Minogue followed a plane’s approach out over the sea. The plane seemed to hover there over Howth. A holding pattern.
“But you have to hand it to him,” said Malone. “An art. That’s what it is.”
The flaps down, Minogue thought, and the wheels were claws searching for a place to perch. Fifty, sixty tons, were they? Jesus. All in the space of a lifetime, this stuff too. Neither his father nor his mother had been inside a plane.
“And the size of the needle, but,” Malone said and began pulling at an eyebrow.
Minogue shifted to get his notebook out. He had the phone open when it rang. It was Tony O’Leary. The family was flying in from the States very shortly.
“It’s Leyne’s jet they’re coming in on,” said O’Leary. “Boss wants to know how you stand on it.”
Minogue looked out at the broken lines of the motorway rushing by them. As if O’Leary didn’t know.
“Strangely enough, Tony, we were on the way to the airport.”
“He’s tied up until after four. He wants you to represent him.”
“Haven’t you phoned Lawlor? He could do that handy enough.”
“Says will you phone him if you can’t.”
Minogue let a few moments go by
“The mother and Leyne, is it?”
“That’s it. Probably a few people with them. Justice is sending Declan King.”
Assistant minister for Justice, King was an ex-Guard turned barrister. King had been dubbed King Declan by Kilmartin in disdainful, edgy regard for King’s talents as the minister’s principal arm-twister for Gardai. An intense pain in the face, Kilmartin avowed.
“And wants you to brief Leyne,” O’Leary added “Within reason.”
The Nissan leaned in hard on the bend. Minogue realized that he was squeezing the phone hard against his ear.
“Give me a minute there, Tony,” he managed, and muffled the receiver.
He turned to Malone.
“Take it handy for the love of God, man. And pull in after the roundabout. We might be changing the menu here.”
He took his hand off the phone.
“Let me see if I have this right, Tony. The commissioner of the Gardai wants me to brief Leyne on a murder investigation that’s hardly gotten started?”
“That’s what he wanted.”
O’Leary must have been holding his breath too.
“Leyne is an American, zillionaire frozen food tycoon and I am a Garda inspector ”
“He says he’ll let you in on the thing soon’s he can.”
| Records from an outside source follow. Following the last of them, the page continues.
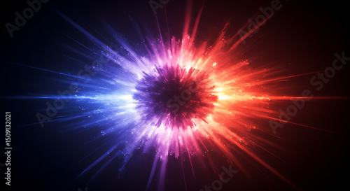 Abstract Red Blue Energy Burst Glowing Light Explosion Cosmic Star Background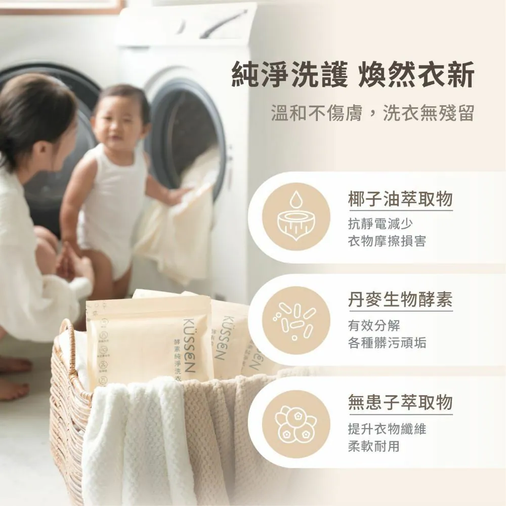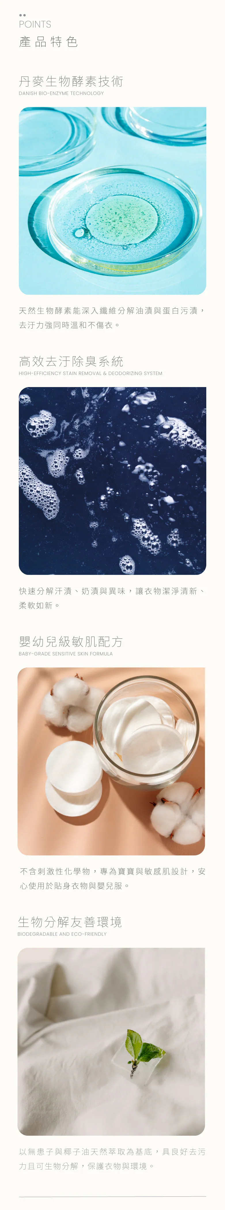 專為敏感肌族群研發,添加丹麥生物酵素,能有效去除異味、分解深層頑固髒污與殘漬 ; 植萃柔衣配方,衣物柔順、蓬鬆 ; 無添加有害化學成分,溫和、親膚、不刺激。入水即溶,衣物洗淨不殘留,全效抗菌、防蟎、守護肌膚健康。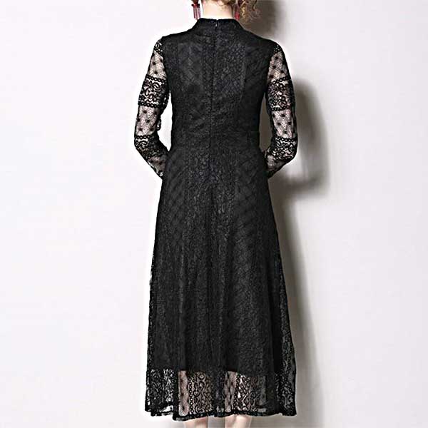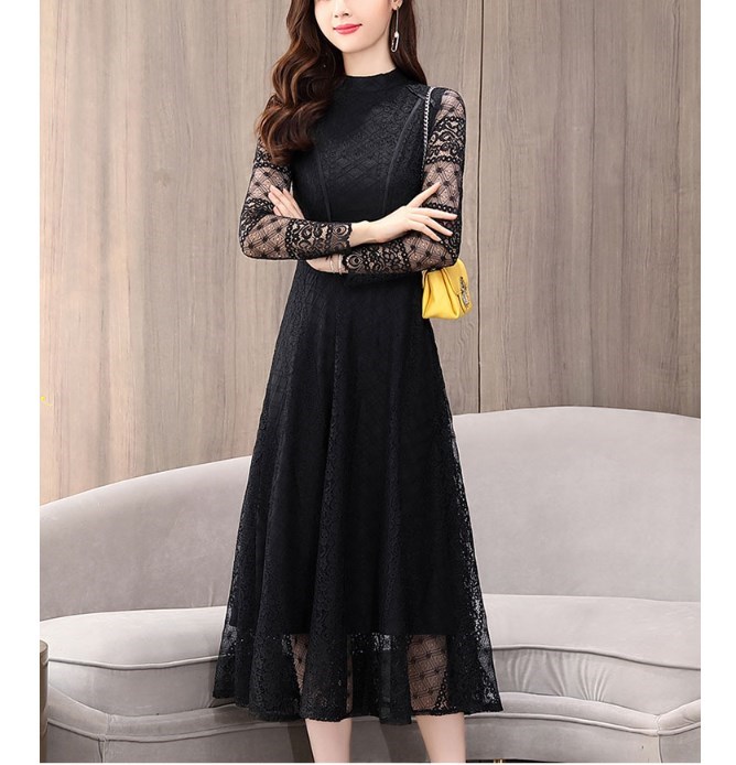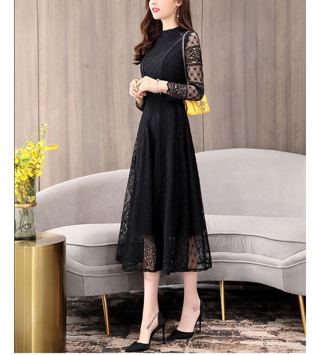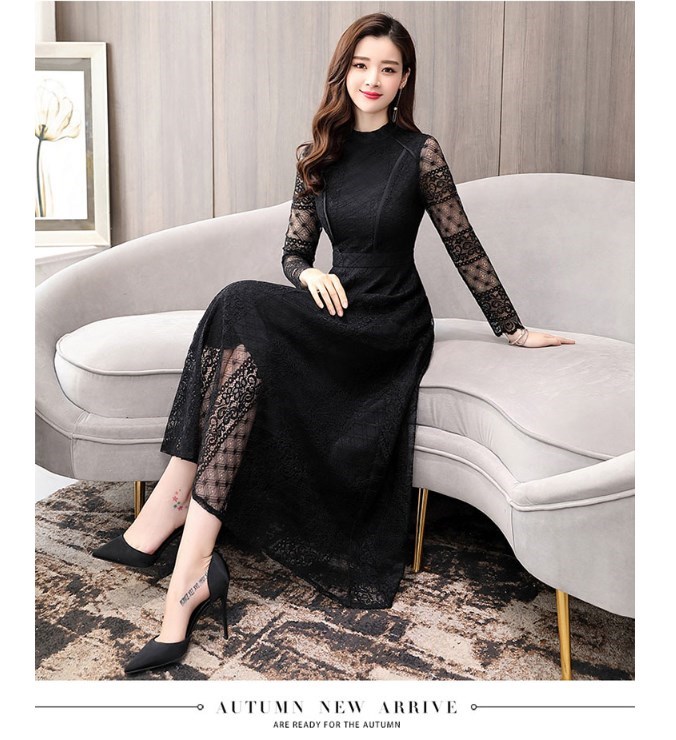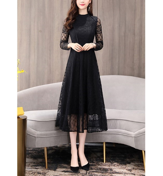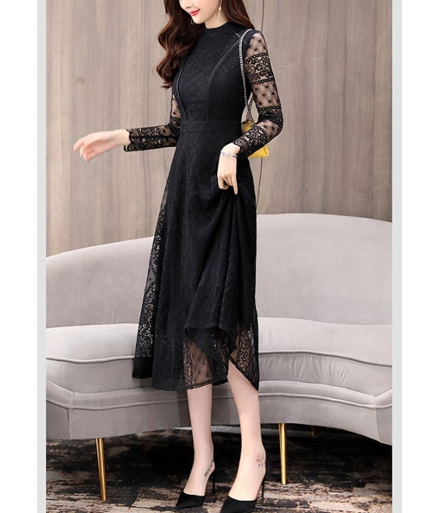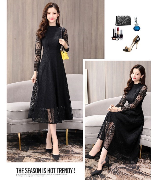 黒の長袖 程よい肌見せ 総レースのパーティードレス[OH97]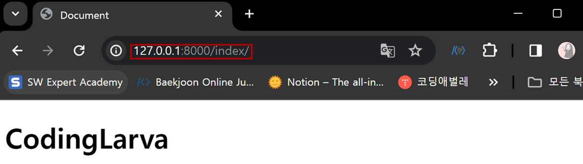 이다. 이때 전체 url은 http://127.0.0.1:8000/index/ 로 요청이 들어올 경우이다.

“Where do we take him? In town I mean ”
“There’s a press conference set for the Shelbourne Hotel.”
A press conference, Minogue thought. “ I can’t be running around like an iijit, chaperoning some fella,” he said “I have to break this case right away. It’s speed now, at this stage. He knows that I can’t be running around the city like an iijit. Tell him that, will you.”